This previous post demonstrated how to implement a Windows Phone 8 that communicates with an Arduino board through Bluetooth; Now, we are going to do the same using an Asha 310.

In this post I'll show the J2ME code needed to access the Arduino and a complete example. The communication architecture, the arduino code and the schematic are exactly the same as shown in this post, no changes are needed and any Series 40 devices with the SPP Bluetooth profile available is able to access the Arduino board through Bluetooth.

As almost all the work was done previously in this post, some of the steps are just copies of the original section with small updates. If you already did the job with Windows Phone 8, you can jump over next sections and go to the Series 40 code update subsection.

If you are new to Arduino, it is an open-source board that accept a lot of sensors and hardware extensions. So, it is possible to communicate with an Arduino board in many ways such as Ethernet, USB, Bluetooth, etc.

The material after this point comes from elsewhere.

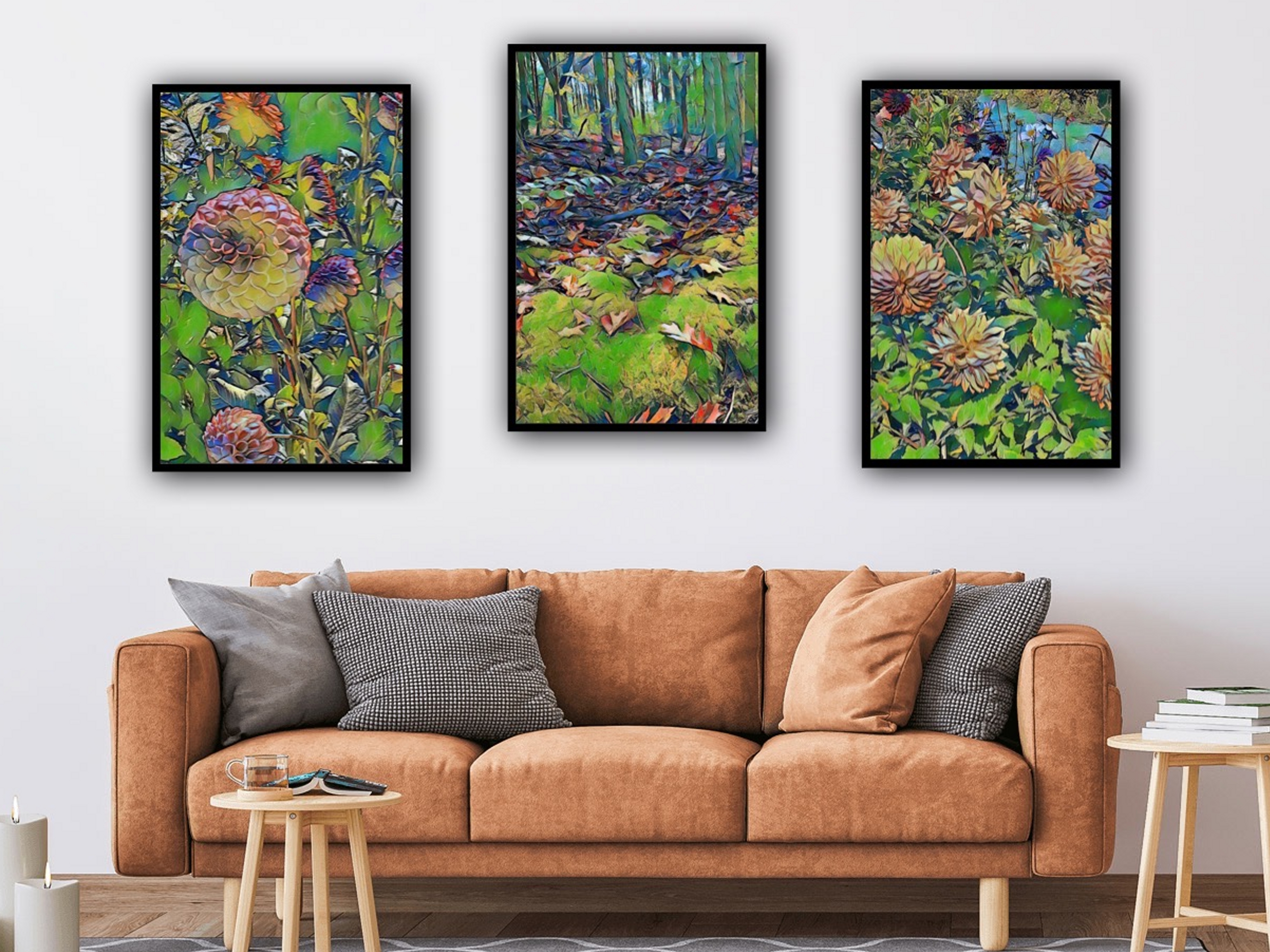“Flower Lagoon” began as a photo of ordinary pretty flowers. After painting the photo with pastel effects, now it has vibrant blends of yellows, oranges, teals, and greens!

As described in Arduino's web site, "Arduino is an open-source electronics prototyping platform based on flexible, easy-to-use hardware and software". A quick search for "Arduino" on the Internet yields that many cool projects are using it.

Preparing hardware

This section is a copy of this one.

Arduino Uno

In this article, I used Arduino Compatible UNO Starter Kit which came with a lot of wires and LEDs.

Bluetooth module

JY-MCU Arduino Bluetooth Wireless Serial Port Module is a Bluetooth module which is used in this article. In spite of its low price, it works fine. But I believe that you can use any Bluetooth module that works with SoftwareSerial.h library.

Proximity sensor

The proximity sensor detects a near body (30cm at maximum). As the Bluetooth communication doesn't depends on this proximity sensor, you can use any other kind of sensor in your project. I just used this one because I already have it. But I could use a temperature sensor, a luminosity sensor, etc. A small change is required in the project should you want to use any of them.

Arduino Infrared Obstacle Avoidance Detection Photoelectric Sensor is used as the proximity sensor in this article.

Configuring Arduino

In order to configure the Arduino development environment on your computer (Windows, Linux or Mac OS X), please visit Getting Started with Arduino.

Once you get all the needed hardware, they must be configured as shown in the following image. In case of any doubt about Arduino, please refer to the Arduino web site (http://www.arduino.cc).

Sketch bb.png

Parts list

Architecture

This section is a copy of this one, only some details about the J2ME code were updated.

The communication flow is described below. Since the article focuses on communication part, and to make the things simple and clear, the commands and messages are of type string. If you want to send integer, float or any other type, the code and protocol must be improved.

Wp8 arduino seq diagram.png

As shown in the diagram sequence, the Series 40 device (Windows Phone 8 in the diagram) and Arduino communicate each other through commands (Series 40 --> Arduino) and messages (Series 40 <-- Arduino). These commands/messages are of type string (with 255 bytes at maximum).

  • Command - Consists of a header of one byte to inform the size of the current command (which limits the command size to 255 characters) and a body that is the command itself.
  • Message - Consists of a header of one byte to inform the size of the current message (which limits the message size to 255 characters) and a body that is the message itself.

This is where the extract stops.